Available records section start

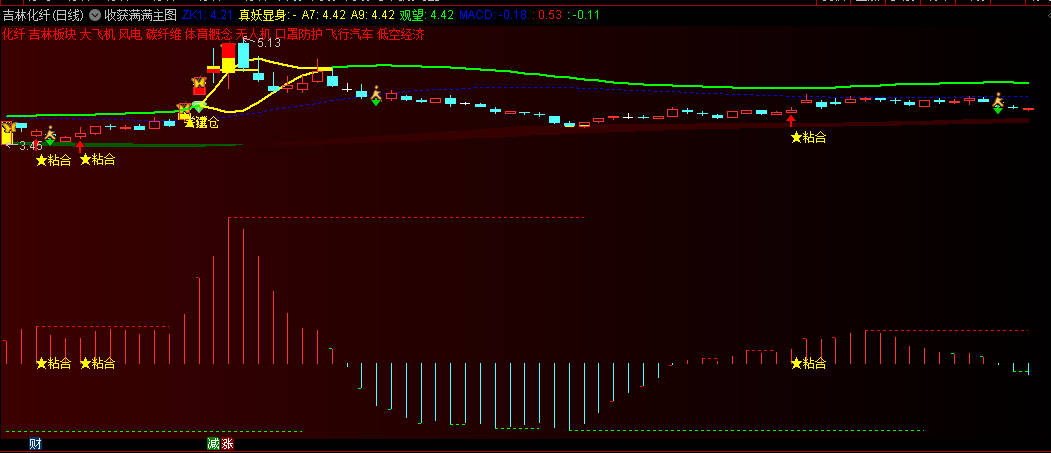 黄色K线:提示波段买入机会,结合成交量放大效果更佳。
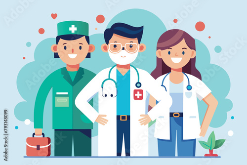 A group of doctors in professional attire standing next to each other, doctor and nursing team, Simple and minimalist flat Vector Illustration
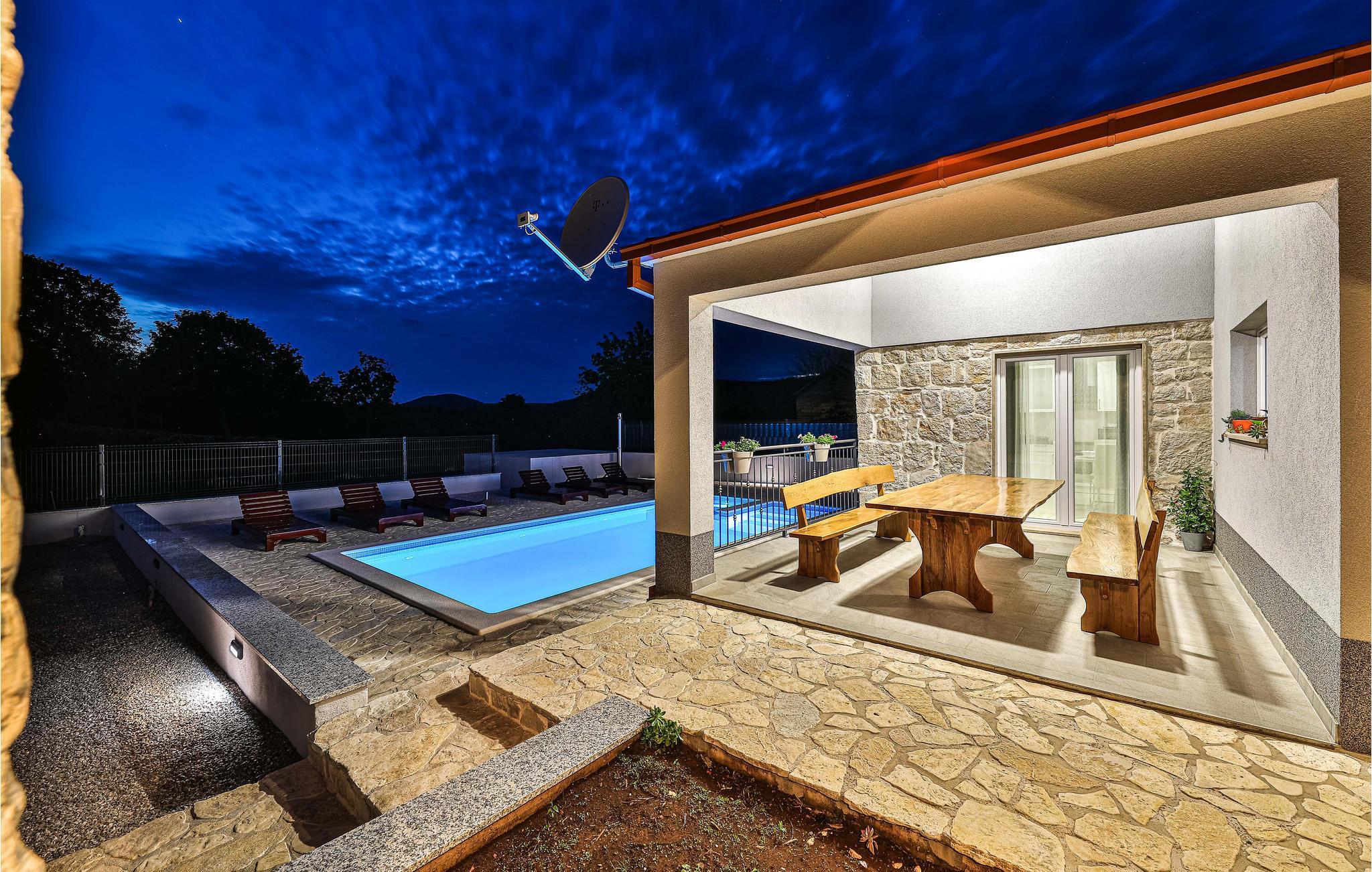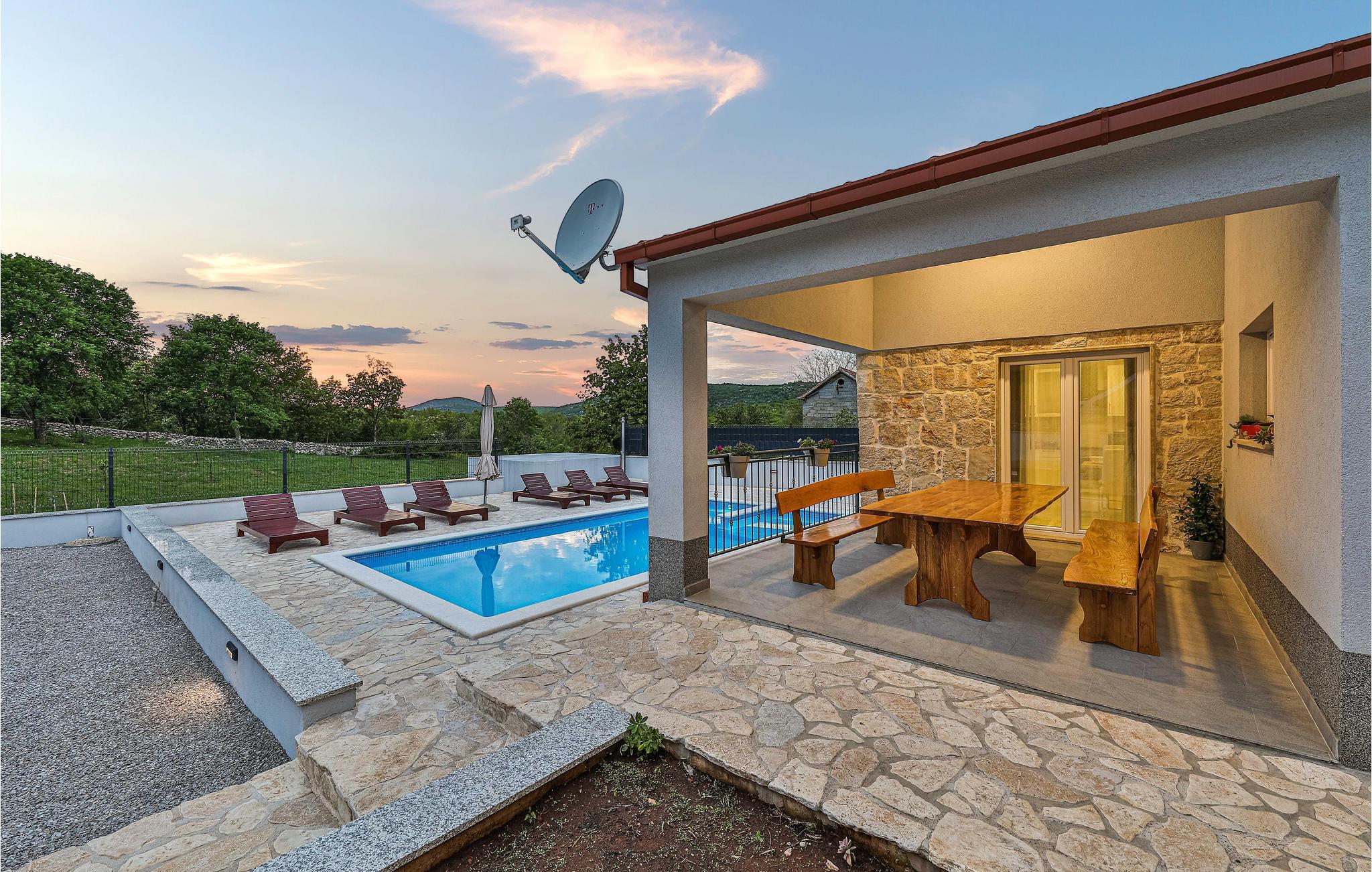 Freuen Sie sich mit Ihrer Familie auf Ihren Urlaub in diesem großen und schönen Haus. Die Unterkunft ist schlicht und helle eingerichtet. Sie können am Morgen entweder am großen Tisch in der Küche zusammenkommen oder Ihren Kaffee auf der Terrasse genießen. Der Pool lädt Sie schon in den Morgenstunden zum Baden und schwimmen ein. Nach den ersten Bahnen können Sie sich für Ihre Unternehmungen fertig machen.
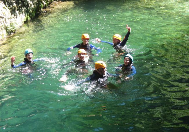Cette descente de canyon dans les Gorges du Loup s’effectue avec des petits groupes de 8 personnes maximum par guide. Pour les groupes constitués de plus de 8 personnes, il suffit juste de rajouter les guides de canyoning nécessaires pour l’encadrement, la pédagogie, la sécurité et le respect de la réglementation du canyoning dans les Alpes-Maritimes.
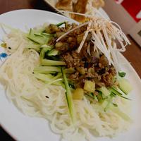 豚の代わりに鶏ひき肉で試してみました。ネギがないので、きゅうりを上に(笑)薬味はしょうがを入れてみました。
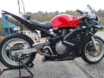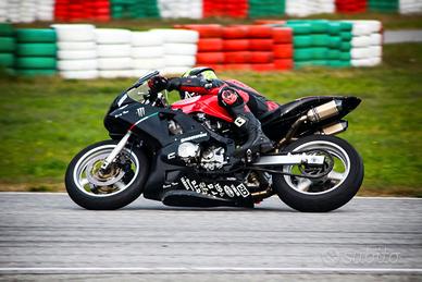 Suzuki Katana GSX 600 RADIATA con documenti radiazione (NO VOLTURA, NO BOLLO), pronta all'uso, allestita da pista, moto perfetta per chi vuole iniziare ad andare in pista o per allenamento senza spendere troppo. Alcuni dettagli: -Scarico unico nel suo genere costruito su misura -Filtri singoli con condotti a lunghezza differenziata -Carburatori completamente revisionati e tarati -Ricarburata con getti maggiorati appositi -Pompa benzina a depressione maggiorata Mikuni -Telaio accorciato, modificato ed alleggerito -Impianto elettrico semplificato e ridotto al minimo indispensabile -Forcelle revisionate e tarate con molle lineari e olio Racing 20w -Semimanubri racing -Pacco frizione modificato e alleggerito -Dischi frizione EBC Racing con molle Versah rinforzate -Olio freni RBF 700 -Tubi in treccia -Tagliando completo con all'attivo 2 uscite -Carene in vetroresina Yamaha R1 e codone R6 Verrà venduta con gomme in mescola SC2 No perditempo, disponibile a qualsiasi prova. Prezzo trattabile dopo visione. Accetto anche scambi con moto RADIATE di mio gusto.
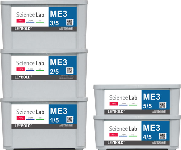 Bloc pour les travaux pratiques avec le système d'expériences pour élèves Science Lab. Matériel de montage trié par composant pour plusieurs groupes de travail correspondant à la taille de bloc choisie, le tout rangé dans une boîte.
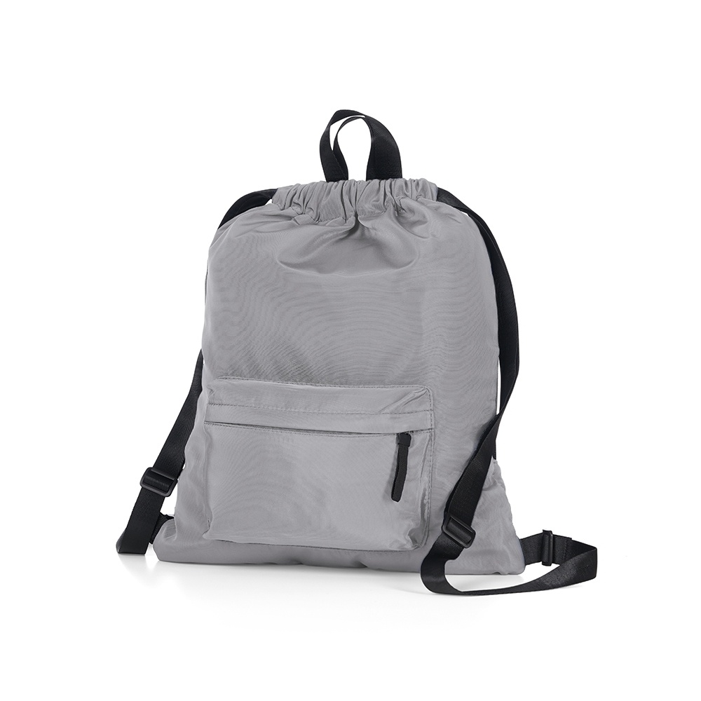 Mochila saco em poliéster resistente à água com bolso frontal. A mochila possui duas alças de mãos e área costada antitranspirante.

Available records section end

• _Your assignment_
Line by line, reproduce exactly the lines from the one containing "Bloc pour les" through the final line of the material, both included, leaving every picture out.

• _Task answer_
 Bloc pour les travaux pratiques avec le système d'expériences pour élèves Science Lab. Matériel de montage trié par composant pour plusieurs groupes de travail correspondant à la taille de bloc choisie, le tout rangé dans une boîte.
 Mochila saco em poliéster resistente à água com bolso frontal. A mochila possui duas alças de mãos e área costada antitranspirante.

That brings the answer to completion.